Apologies for cross-posting, but I believe this relevant to the NANOG operator community.
FYI,
/John
John,
Congratulations to you and ICANN for this significant step, at all the various layers and meanings of significant. 
Relevant to another post today, I've noticed that neither the *.ip6-servers.arpa nor the *.in-addr-servers.arpa allow axfr. Which leads to the following questions:
1. Was that a conscious decision, and if so why?
2. Is there any hope that axfr could be permitted in the future?
Of course, if you're not the right person to ask feel free to redirect me.
Best regards,
Doug
Doug -
Excellent questions (of which I do not know the answer)
Allow me some time for research.
Thanks!
/John
John Curran
President and CEO
ARIN
No no, thank YOU.
Doug
Hi Doug,
Relevant to another post today, I've noticed that neither the *.ip6-servers.arpa nor the *.in-addr-servers.arpa allow axfr. Which leads to the following questions:
1. Was that a conscious decision, and if so why?

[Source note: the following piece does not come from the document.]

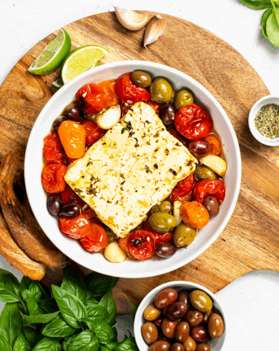 la feta, 6–8 pomodorini tagliati a metà, 6–8 olive nere Kalamata, un pizzico di origano
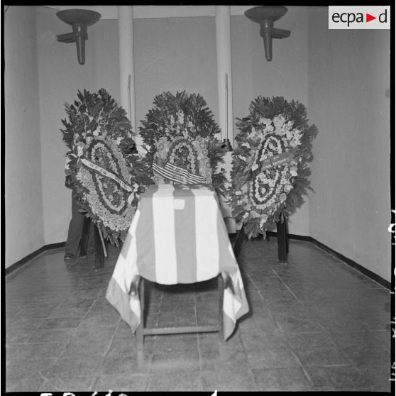 Le cercueil du reporter Robert Capa dans la chapelle ardente.

It's a question for the individual operators of the servers. I can only speak for the particular servers that ICANN operates.

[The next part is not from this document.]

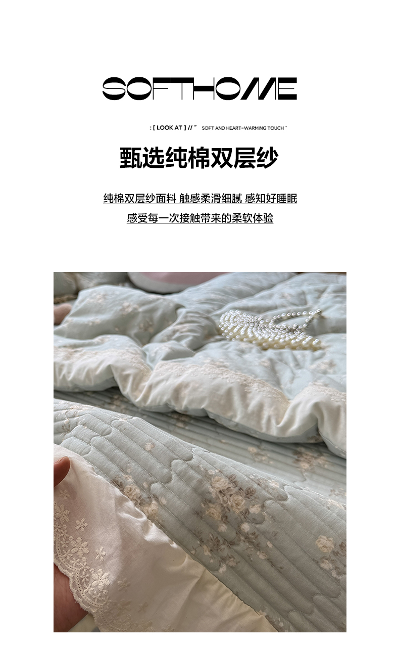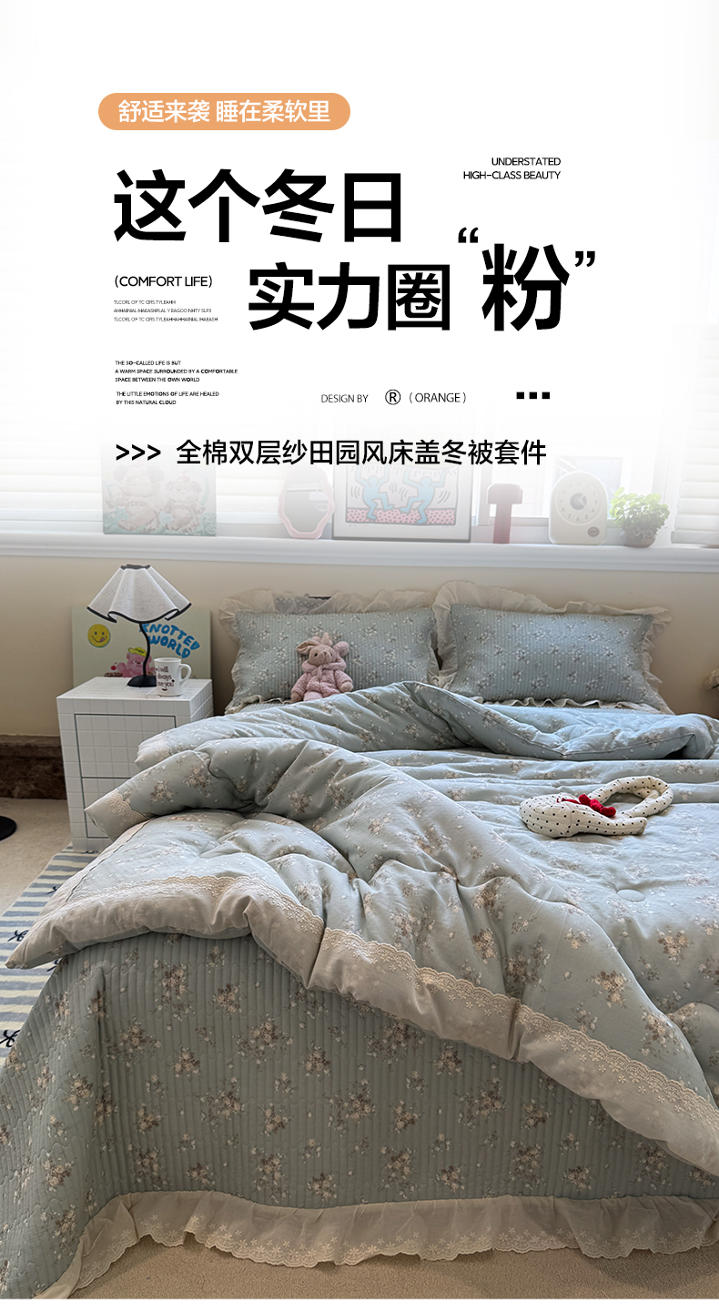 商品名称:(总)一加一 2025新款田园风全棉纯棉双层纱床盖冬被被子被芯四件套

ICANN operates B.IN-ADDR-SERVERS.ARPA and B.IP6-SERVERS.ARPA. As with L-Root, we don't permit zone transfers from the servers themselves; our goal with the nameservers themselves is to provide them with as much headroom as possible for answering DNS queries, and it has never seemed to us that also responding to AXFR is going to help with that.
We do however support open zone transfers for the root zone, ARPA, IN-ADDR.ARPA and IP6.ARPA from two locations for anybody who cares to use them:
xfr.lax.dns.icann.org
xfr.cjr.dns.icann.org
The availability of these servers for AXFR is documented at <http://dns.icann.org/services/axfr/>\.
Joe
Hi Doug,
Relevant to another post today, I've noticed that neither the
*.ip6-servers.arpa nor the *.in-addr-servers.arpa allow axfr. Which
leads to the following questions:
1. Was that a conscious decision, and if so why?

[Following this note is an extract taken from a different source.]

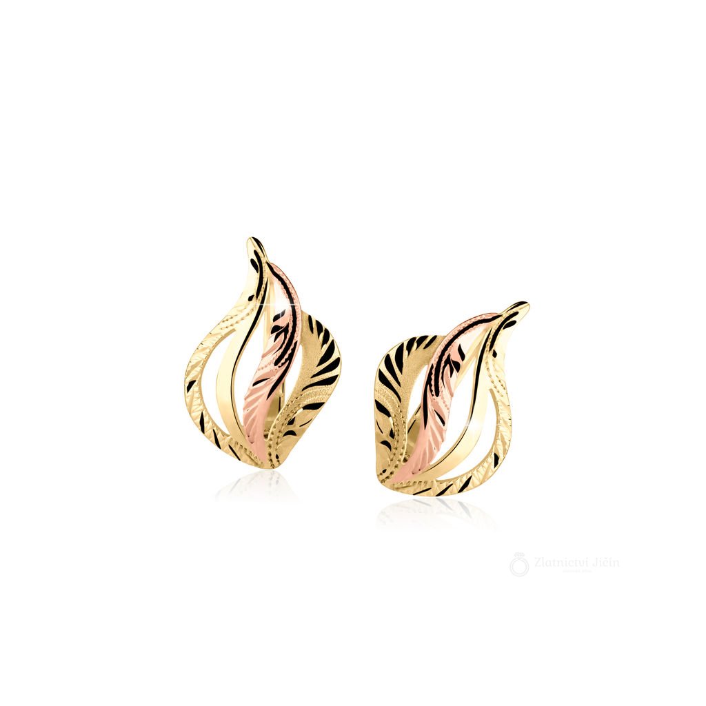 Gravírované náušnice jsou vyrobeny ze žlutého a červeného 14 karátového zlata.

It's a question for the individual operators of the servers. I can
only speak for the particular servers that ICANN operates.
ICANN operates B.IN-ADDR-SERVERS.ARPA and B.IP6-SERVERS.ARPA. As with
L-Root, we don't permit zone transfers from the servers themselves; our
goal with the nameservers themselves is to provide them with as much
headroom as possible for answering DNS queries, and it has never seemed
to us that also responding to AXFR is going to help with that.
We do however support open zone transfers for the root zone, ARPA,
IN-ADDR.ARPA and IP6.ARPA from two locations for anybody who cares to
use them:
xfr.lax.dns.icann.org
xfr.cjr.dns.icann.orgThe availability of these servers for AXFR is documented
at<http://dns.icann.org/services/axfr/>\.
Joe,
Thanks for clarifying. I almost included "is axfr available from any
other source?" as a 3rd question, but figured that would come out in the
wash. 
This leads to 2 additional questions:
1. Is the zone available from those 2 locations "the same" as what's
available on the authoritative servers, or is there a lag time between
updates on the auth and the xfr servers?
2. Is there any objection to having those servers listed in publicly
available documentation on how to configure resolvers to slave the root
and related zones?
Thanks again,
Doug
- --
Nothin' ever doesn't change, but nothin' changes much.
-- OK Go
Breadth of IT experience, and depth of knowledge in the DNS.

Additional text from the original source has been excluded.